TASK DESCRIPTION =
Among the records below, find the line with "Felül egy falra" and the line with "Fit-and-flare shapes define". Set down both and every line between, exactly and with no pictures, but nothing else.

INPUT =
____
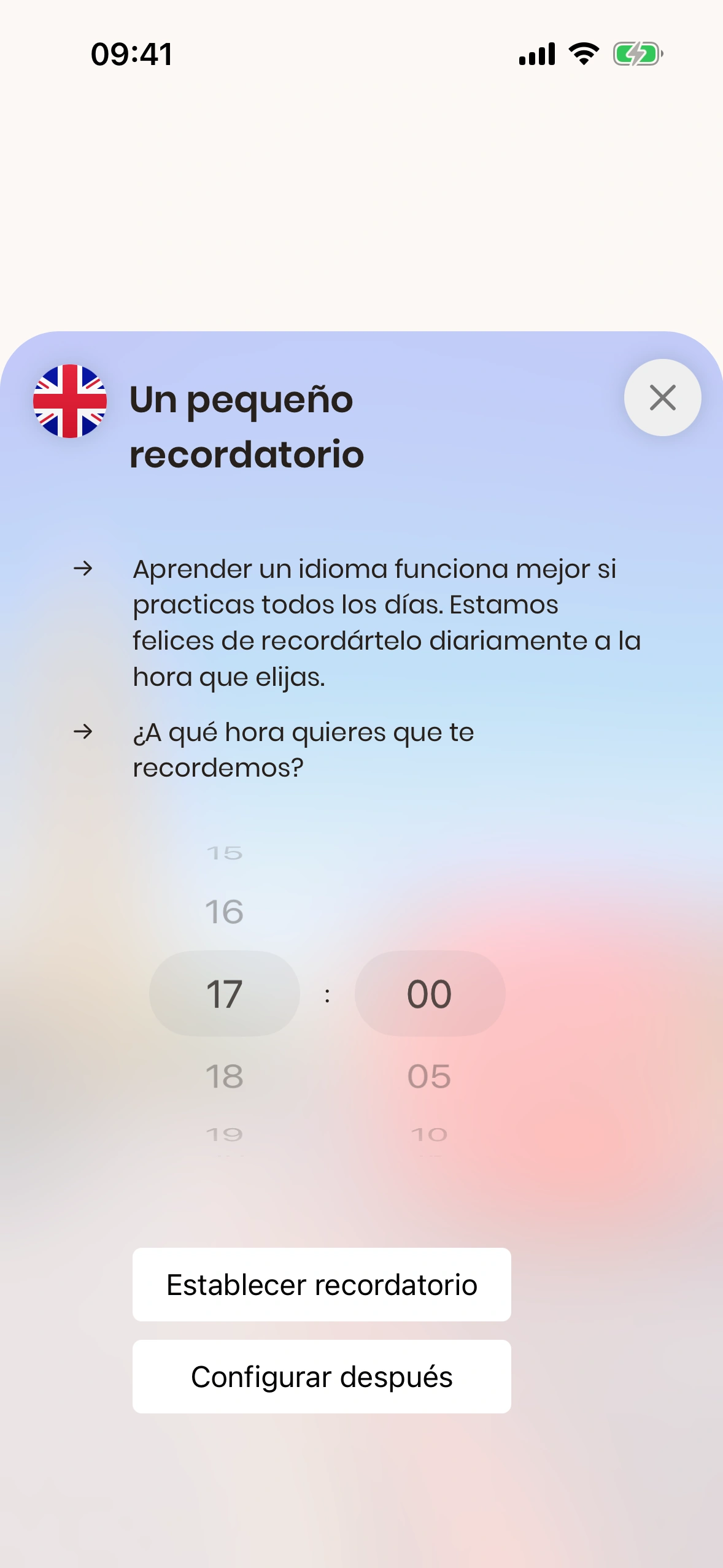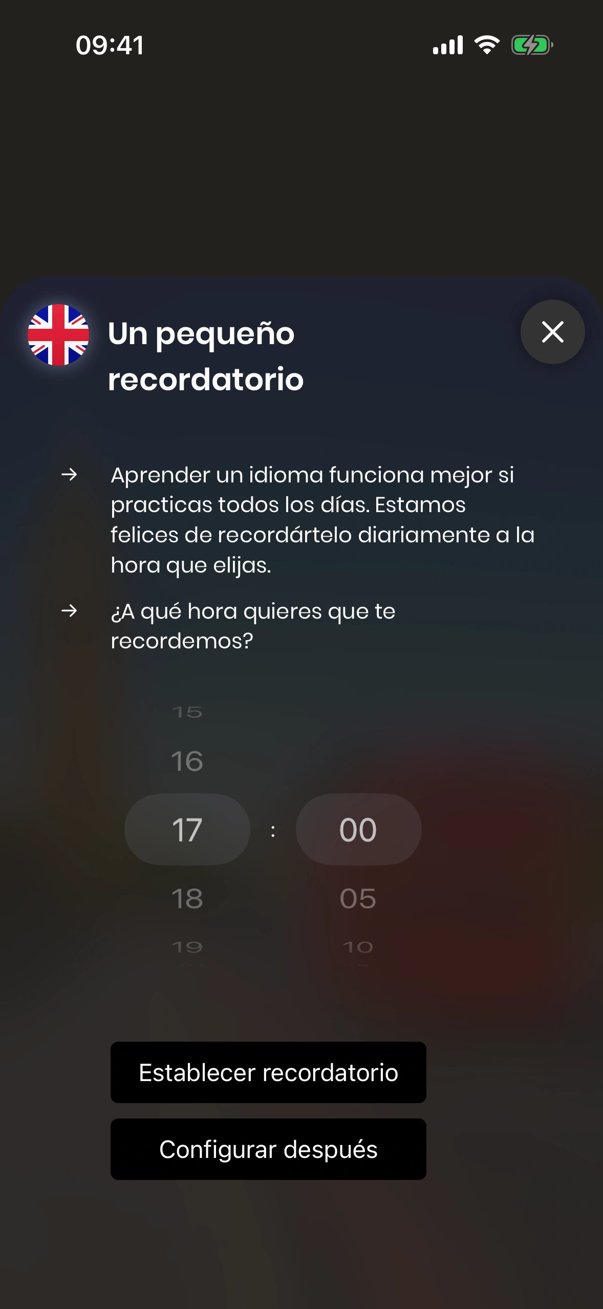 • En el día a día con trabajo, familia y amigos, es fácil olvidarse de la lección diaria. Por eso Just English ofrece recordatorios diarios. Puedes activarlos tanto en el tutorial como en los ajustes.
____
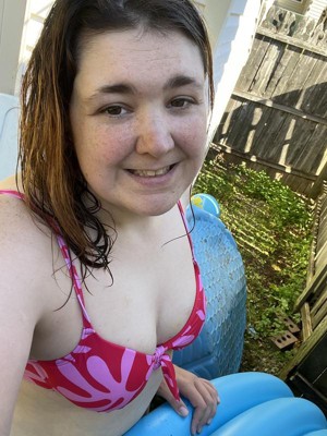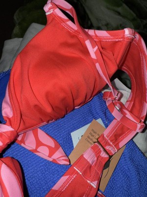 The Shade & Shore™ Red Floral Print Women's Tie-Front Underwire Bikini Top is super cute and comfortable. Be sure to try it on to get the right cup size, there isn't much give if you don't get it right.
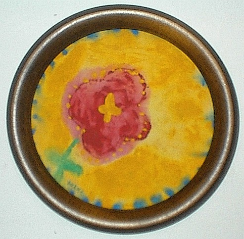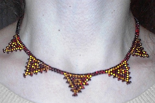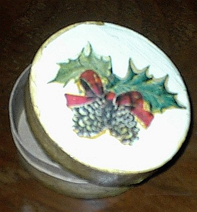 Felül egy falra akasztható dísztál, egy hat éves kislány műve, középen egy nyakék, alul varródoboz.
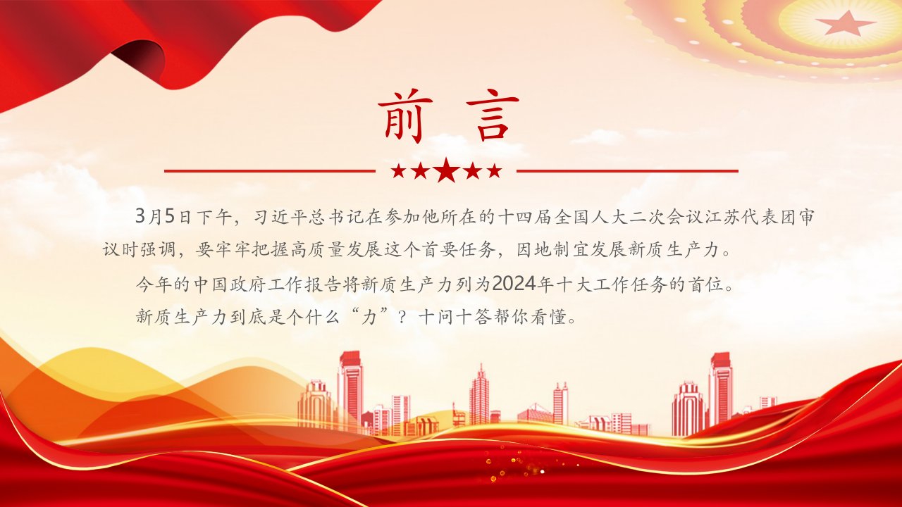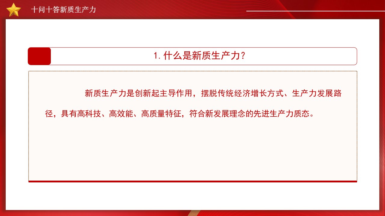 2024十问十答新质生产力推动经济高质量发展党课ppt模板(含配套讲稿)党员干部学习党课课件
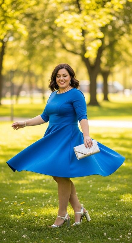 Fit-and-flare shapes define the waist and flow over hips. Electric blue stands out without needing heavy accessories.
____
COMPLETED EXERCISE =
 Felül egy falra akasztható dísztál, egy hat éves kislány műve, középen egy nyakék, alul varródoboz.
 2024十问十答新质生产力推动经济高质量发展党课ppt模板(含配套讲稿)党员干部学习党课课件
 Fit-and-flare shapes define the waist and flow over hips. Electric blue stands out without needing heavy accessories.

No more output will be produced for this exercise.